No proper cover for this exists but the tracklist remains, although it is just a handful of artists.

Highlights? It kicks right out of the gate with DeVotchKa’s ‘The Enemy Guns’, of whom we were introduced to by a friend when they were touring with DITA VON TEESE and yes, she did the martini strip to close the act. (See above. That is an actual thing.)

An aside! Revisiting these mixes has reminded me that I have lived quite the life. Not as much as some, but probably more than others. Do as much as you can with the time you have and throw fingers at fear, y’all!

GOGOL BORDELLO is …complicated. We saw them at the now-kinda-musty Chicago venue The Vic that? Ironically? Smelled a lot better when they allowed smoking. Amazing show. At the end of the night my hands were swollen by my own applause.

MARTIAL? Yeah, my Vermont is showing. Since the hometown I grew up in was so close to Montreal, we were taught French at an early age — literally part of the curriculum — so I have a predilection for this sort of thing and between this and the string work? It lights me the fuck up.

Bookending matters, yes, DeVotchKa’s ‘How it Ends’, and it did find its way into our wedding playlist, this playlist that vastly predates our wedding. So, while there’s a lot of repetition here, this mix? All of it is quite foundational.

As with all of these posts, I’ll attempt to include a Spotify playlist but some of the tracks are simply not available via ’em, so I’ll try to find other ways to include them one way or another sooner or later but? If one isn’t available? Please excuse their absence and try to hunt ’em down yourself!

(Artist / Album / Song):

  • DeVotchKa / How it Ends / The Enemy Guns
  • DJ EARWORM / null / Just Let Go in L.A.
  • DeVotchKa / How it Ends / Charlotte Mittnacht (The Fabulous Destiny Of…)
  • DeVotchKa / How it Ends / How it Ends
  • m83 / before the dawn heals us / a guitar and a heart
  • TOM WAITS / Real Gone / Hoist that Rag
  • GOGOL BORDELLO ~ J.U.F / GOGOL BORDELLO ~ J.U.F / Last Wish of the Bride
  • JUNO REACTOR / Labyrinthj / Conquistador II
  • LO-BAT vs BENETBENE / null / document1
  • MARTIAL / Premier pas / Pour une vie bien différente

Electroclature: An Array of CD Mixes

Gonna try something a bit different, especially since I’m feeling burned out at the moment.

If you are of a certain age, you may fondly remember mix tapes or mix CDs.

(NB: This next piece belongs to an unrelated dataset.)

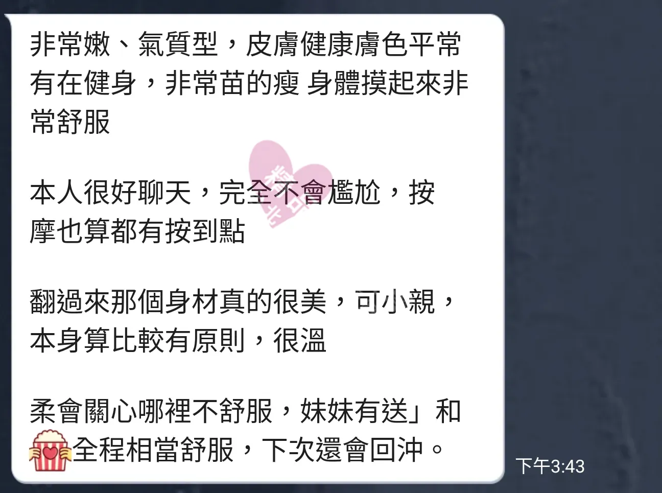 美容師都很有禮貌,先幫你背部按摩聊聊天,前戲會開始調情輕功,再來就是重點部位的加強。如果預算,也可以跟美容師聊聊加值服務,放心問都有機會。精品舒壓期待每位客人每次來舒壓都有個Happy Ending!

You know? Actual physical items that you had to spend a lot of time and effort to pass off to someone in hopes they’d like your musical taste? And once you did so, it was nothing you could reclaim? It wasn’t just a fucking Spotify click?

I made my wife a lot of mix CDs.

A LOT. Can’t even enumerate them via all of my digits.

I’ll note? We both were pretty hardcore about our goth/industrial music scene and we both booked acts and DJed and all of that, so … not unwanted. I wasn’t that dude. (I’ll briefly note? It’s sad that these spaces are few and far between now. I have no idea how other misfits find each other in this day and age. Apparently they …just don’t?)

It was just something I did because it was fun! Can’t we all have some fun without expectations?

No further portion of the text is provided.